Ждала. И боялась новой встречи. Снова приедет как чужой. Снова привыкать, притираться. Учиться понимать его. А он весь в делах, в планах, в мыслях. Обновленный, энергичный. У него после долгого отсутствия в России появлялся акцент. Нет, не явный конечно, но что-то проскальзывало в интонации. Потом он перестраивался, она привыкала к нему заново. Но он снова улетал.

Невыносимо скучала. Безумно. Не могла найти места и раздражалась по любому поводу. Раздражало одиночество, когда одна оставалась в своей квартире. Родители раздражали, когда от скуки приходила к ним ночевать. Ванька с Алёнкой бесили, потому что все разговоры их были только о свадьбе. То шутили, то спорили. То с датой не могли определиться, то с платьем для невесты. И не только свою свадьбу обсуждали, но ее с Димой предполагаемую. Смешно им, конечно. А ее достали эти шуточки. Спасибо Крапивину.

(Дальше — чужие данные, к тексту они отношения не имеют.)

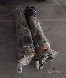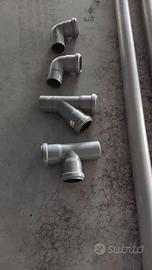 Tubi in pvc rigidi a bicchiere collegabili. Ogni tubo ha lunghezza 2m, diametro 50mm (disponibili 90m di tubi). Raccordi diverse tipologie: curve (16 pezzi), T (16 pezzi) e obliqui (8 pezzi). Il tutto vendibile anche parzialmente. (Prezzo al metro 3,50€; raccordi 1,50€ al pezzo)

Через пять дней… Он сказал, что приедет через пять дней, а ей не верилось. Когда надежда и ожидание горят в душе, крылья за спиной появляются, а их у нее не было. Хотя какие тут крылья, когда который день лежала к постели придавленная. Ни насморка, ни кашля, только температура держалась, бросало то в жар, то в холод, и кости ломило. Выкручивало. Словно через мясорубку пропустили.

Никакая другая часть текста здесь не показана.